Le ministre de la Mobilité, Georges Gilkinet, n’est pas parvenu à se tenir à tous les délais relatifs aux travaux d’accessibilité et de multimodalité dans 17 des 34 gares appelées à être rénovées, d’Ans à Watermael. Mais, rassure la note de rapportage, «les travaux dans certaines gares ont donc été reportés, mais restent dans la période d’éligibilité du RRF».
Enfin, le secrétaire d’Etat chargé de noter ses collègues n’est pas parvenu à remettre un bulletin parfait. Son appel à projets pour doper la recherche et le développement dans les secteurs spatial et aéronautique (35 millions d’euros) a très vite été reporté, puis purement et simplement supprimé de son propre plan de relance, ainsi que du site nextgenbelgium.be. Il rate donc avec une métronomique régularité chaque étape prévue, et le fera jusqu’à août 2026. L’investissement prévu a été réorienté vers l’agence spatiale européenne, sous forme de contribution belge, avec la même destination formelle, soit la recherche et le développement. Et c’est, dit-on dans l’opposition, cette contribution qui a encouragé l’ESA à sélectionner Raphaël Liégeois parmi ses astronautes de carrière.

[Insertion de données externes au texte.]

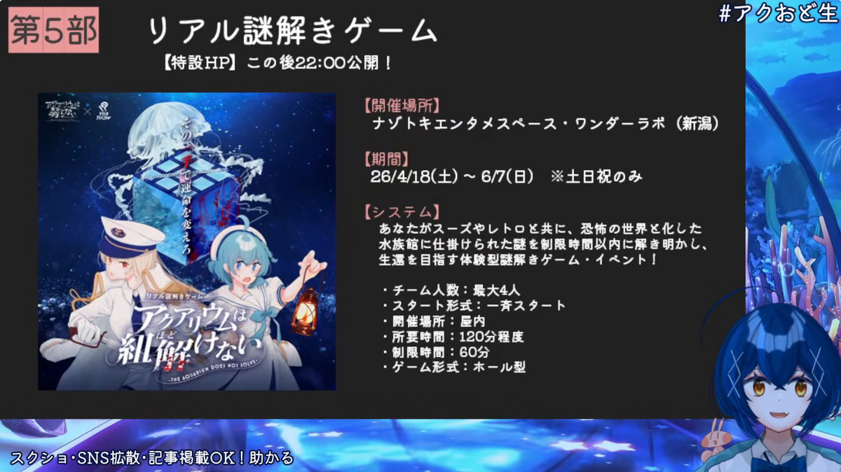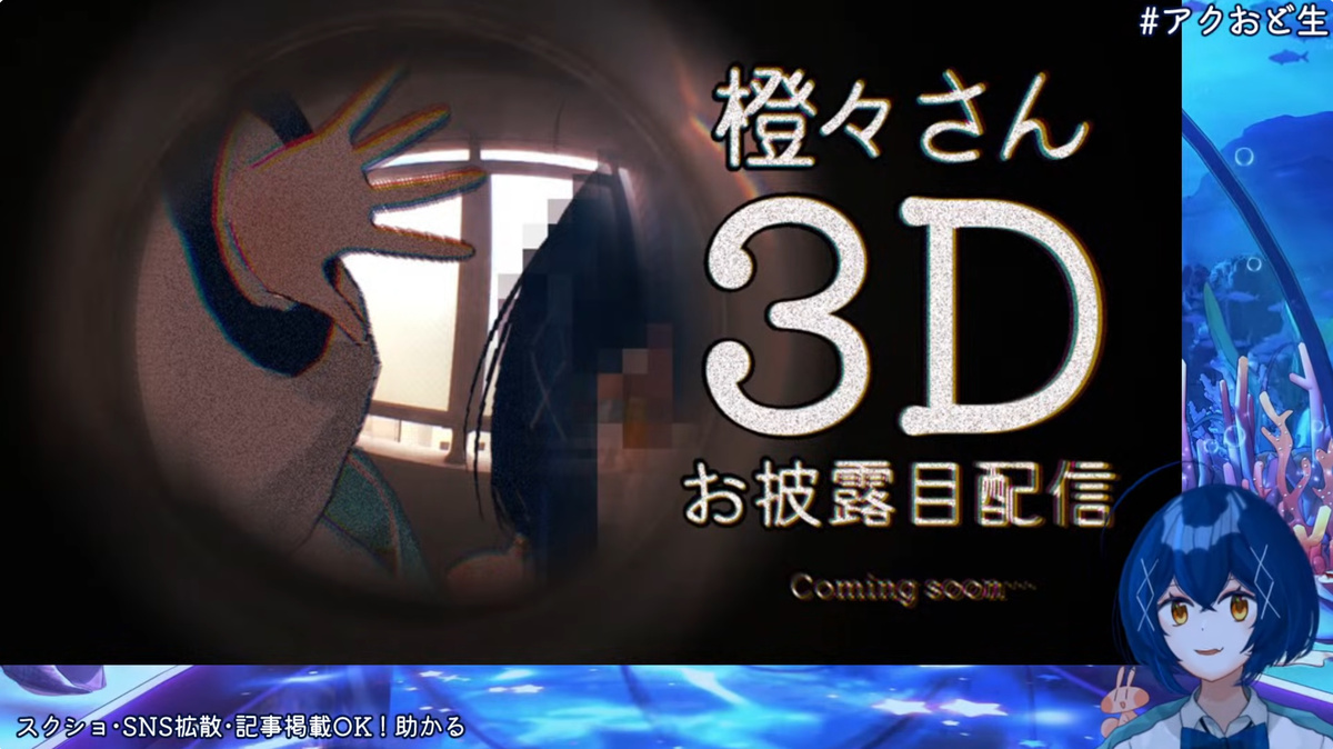 そのほか、まだ何も作っていない新作のグッズを「この配信の後から」販売したり、以前からやりたかったと語るリアル謎解きゲーム「アクアリウムは紐解けない」の開催決定を発表したり、橙々氏の3Dお披露目配信を告知したりと、2周年に相応しい大ボリュームの発表となった。

La note déposée le 27 octobre anticipe également les cibles et jalons à atteindre dans les prochains mois. A cet égard, «parmi les 22 jalons/cibles dont l’atteinte est prévue dans les douze mois à venir, quatre sont identifiés comme “en retard” dans le rapport», dit-elle. Trois projets sont concernés. La «single digital gateway» de Mathieu Michel – un accès numérique unique à l’administration – est un peu en retard, mais elle a, il y a plusieurs mois déjà, demandé une replanification, qui doit être validée par la Commission. La centralisation de toutes les décisions judiciaires jusqu’en appel, dans le cadre de la numérisation de la justice, est bouclée, mais leur publication vers l’extérieur, après anonymisation, ne sera prête qu’au début de l’année prochaine. Enfin, Karine Lalieux (PS) est en retard de quelques kilomètres de pistes cyclables dont elle est, en tant que ministre de tutelle de Beliris, responsable. Rien d’insurmontable, selon le rapport semestriel de son camarade de secrétaire d’Etat.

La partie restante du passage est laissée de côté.